Copasir, il leghista Volpi eletto il nuovo presidente: ecco chi è

L'organo parlamentare di controllo sui servizi segreti fino a settembre guidato dal Dem Guerini

Di Marco Nepi
Pubblicato il 9 Ott. 2019 alle 14:31 Aggiornato il 9 Ott. 2019 alle 14:37
0
Immagine di copertina
La Camera dei Deputati

Copasir, eletto il presidente Raffaele Volpi

Oggi, mercoledì 9 ottobre, è stato eletto il nuovo presidente del Copasir, del Comitato parlamentare per la sicurezza della Repubblica. Si tratta di Raffaele Volpi, deputato della Lega.

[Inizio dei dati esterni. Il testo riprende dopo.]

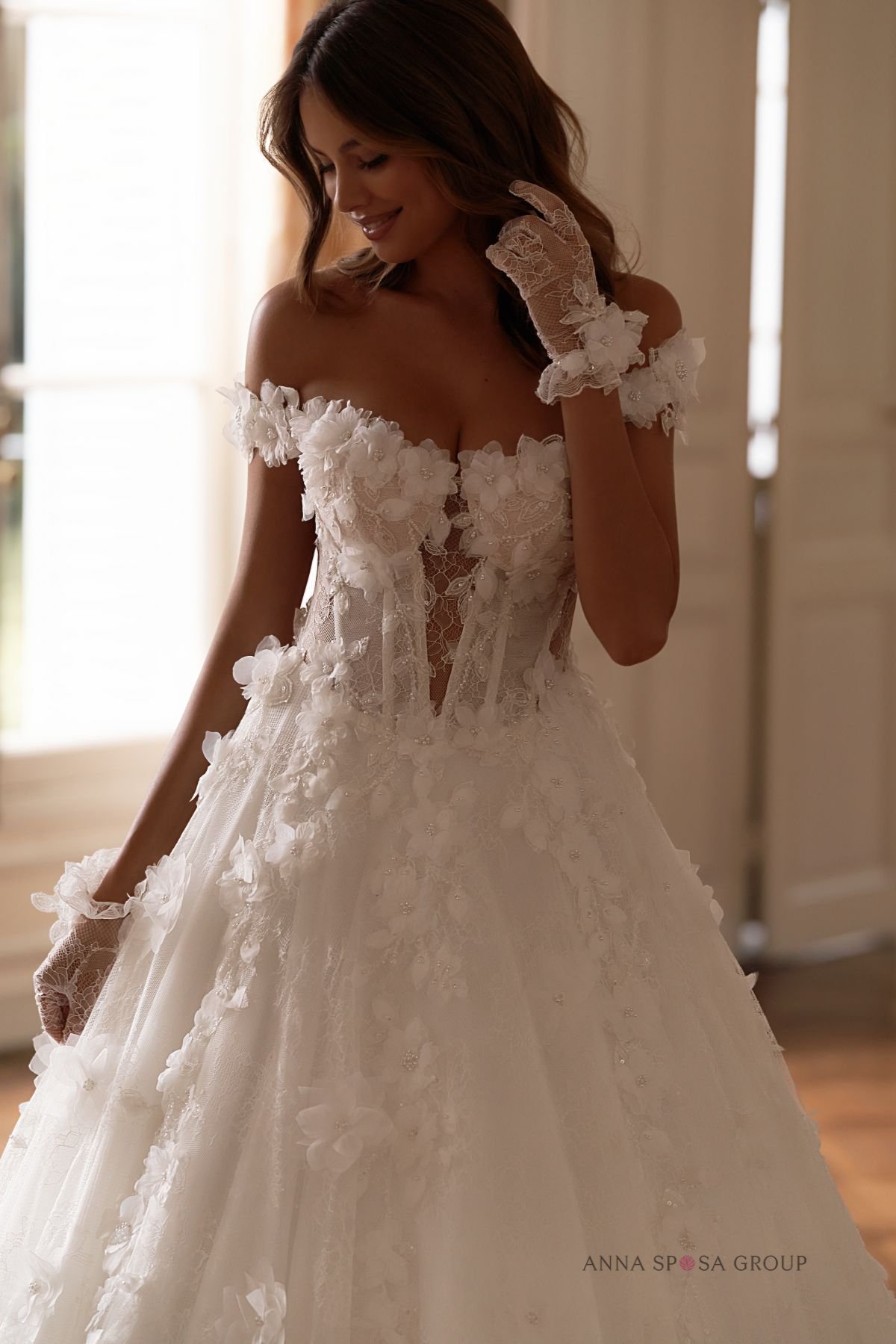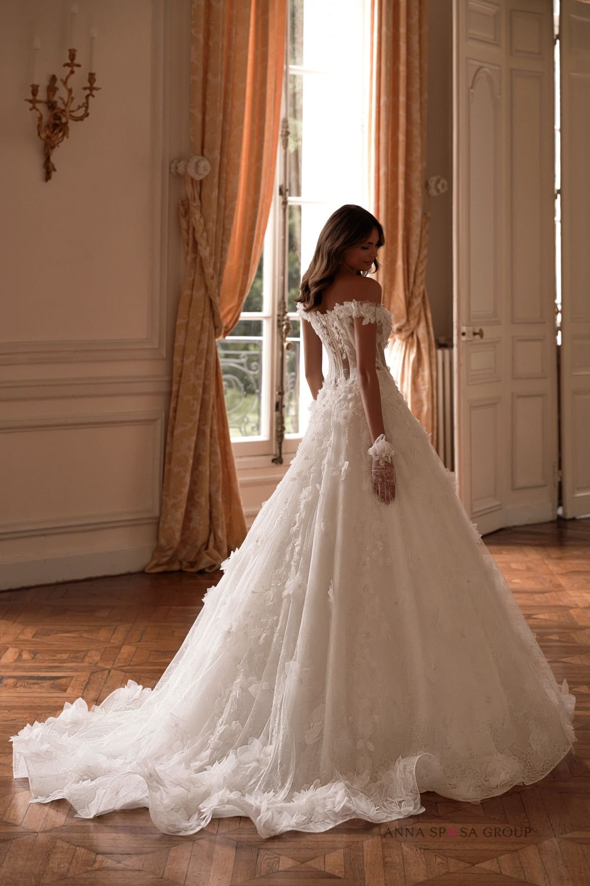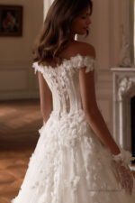 Accents: a spectacular lush dress with off-shoulder straps. It is decorated with floral lace, voluminous floral appliques, beads and sequins. Exposed shoulders and collarbones make the look even more feminine and emphasise the bride’s fragility, while off-shoulder straps and lace short gloves add playfulness to the look.

Il Copasir, organo bicamerale che esercita il controllo parlamentare sull’attività degli 007 italiani, è composto da 5 deputati e 5 senatori, scelti in modo da garantire una rappresentanza paritaria di maggioranza e opposizione. La presidenza è riservata a un esponente dell’opposizione.

Dal 18 luglio 2018 al 4 settembre 2019 il Copasir è stato presieduto dal deputato Pd Lorenzo Guerini, nuovo ministro della Difesa.

L’ipotesi Volpi

Nella serata di ieri, martedì 8 ottobre 2019, era stato raggiunto nel centrodestra un accordo sul deputato della Lega Raffaele Volpi, 59 anni, in Parlamento dal 2008, sottosegretario alla Difesa nel primo primo governo Conte.

L’intesa sul suo nome era arrivata dopo un incontro al Senato tra il segretario della Lega Matteo Salvini e la presidente di Fratelli d’Italia Giorgia Meloni e dopo aver contattato telefonicamente il leader di Forza Italia Silvio Berlusconi.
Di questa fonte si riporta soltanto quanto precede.